Turkish scene text recognition: Introducing extensive real and synthetic datasets and a novel recognition model


Yıldız S.

Engineering Science and Technology, an International Journal, cilt.60, 2024 (SCI-Expanded) identifier

  • Yayın Türü: Makale / Tam Makale
  • Cilt numarası: 60
  • Basım Tarihi: 2024
  • Doi Numarası: 10.1016/j.jestch.2024.101881
  • Dergi Adı: Engineering Science and Technology, an International Journal
  • Derginin Tarandığı İndeksler: Science Citation Index Expanded (SCI-EXPANDED), Scopus, INSPEC, Directory of Open Access Journals
  • Anahtar Kelimeler: Patch masking, Position attention, Scene text recognition dataset, Synthetic scene text recognition dataset, Vision transformers
  • Yıldız Teknik Üniversitesi Adresli: Evet

Özet

In the advancing field of computer vision, scene text recognition (STR) has been progressively gaining prominence.
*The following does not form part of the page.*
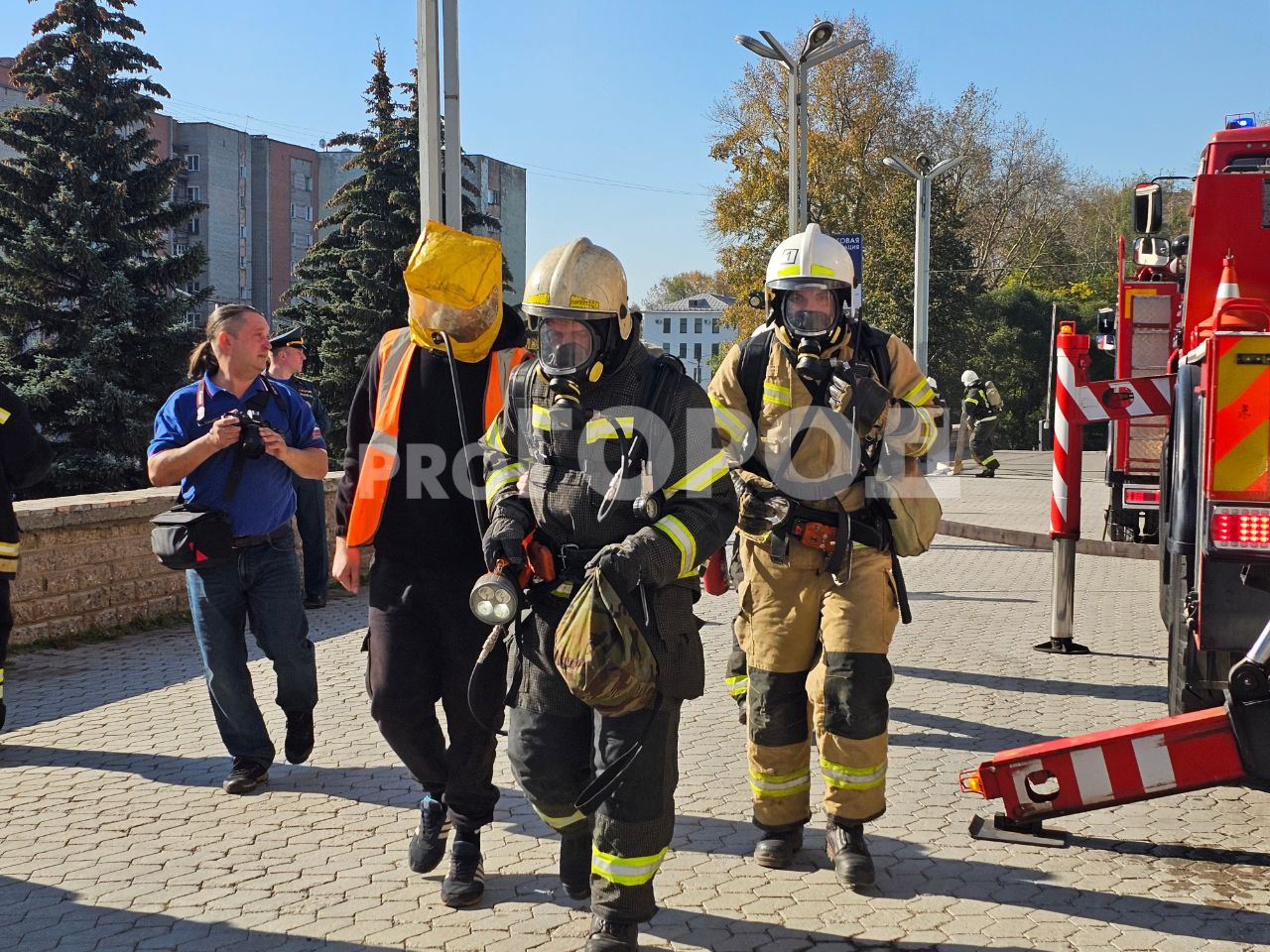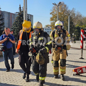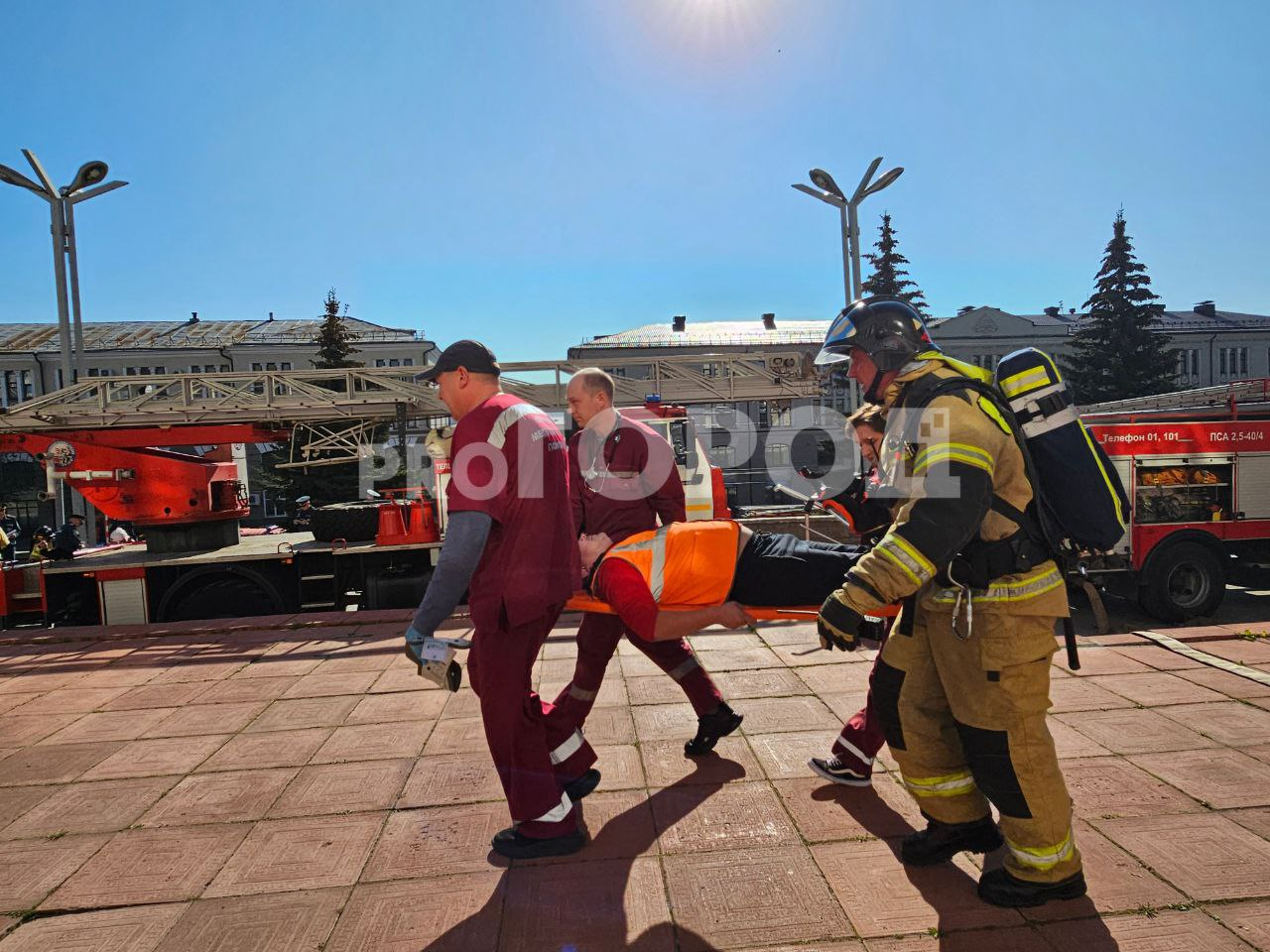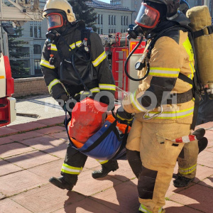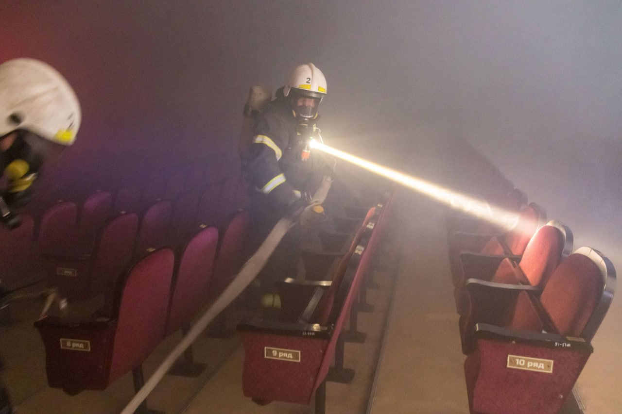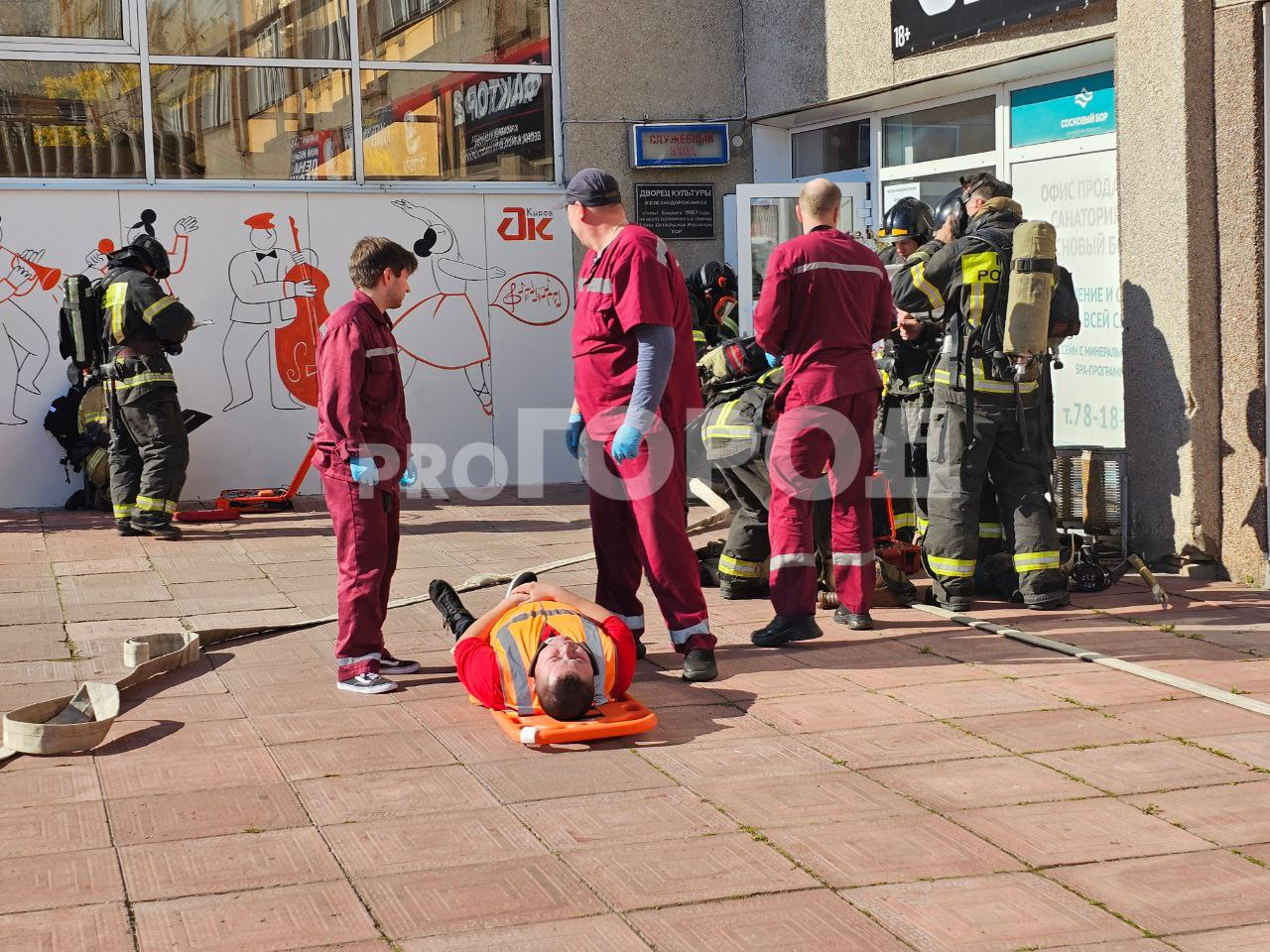 В условиях задымления и узких коридоров спасателям предстояло найти несколько человек в разных уголках ДК и эвакуировать их, в том числе, при помощи автолестницы.

Despite this progress, the lack of a comprehensive study or a suitable dataset for STR, particularly for languages like Turkish, stands out. Existing datasets, regardless of the language, tend to grapple with issues such as limited sample quantity and high noise levels, which considerably restrict the progression and overall efficacy of STR research and applications. Addressing these shortcomings, we introduce the Turkish Scene Text Recognition (TS-TR) dataset, one of the most substantial STR datasets to date, comprising 7288 text instances. In addition, we propose the Synthetic Turkish Scene Text Recognition (STS-TR) dataset, an enormous collection of 12 million samples created using a novel histogram-based method, more efficient than common synthetic data generation methods. Moreover, we present a novel recognition model, the Masked Vision Transformer for Text Recognition (MViT-TR), which achieves a word accuracy of 94.42% on the challenging TS-TR test dataset, underlining its robustness and performance efficacy. We extend our investigation to the influence of synthetic datasets, the utilization of patch masking, and the function of the position attention module on recognition performance. To foster future STR research, we have made all datasets and source codes publicly available.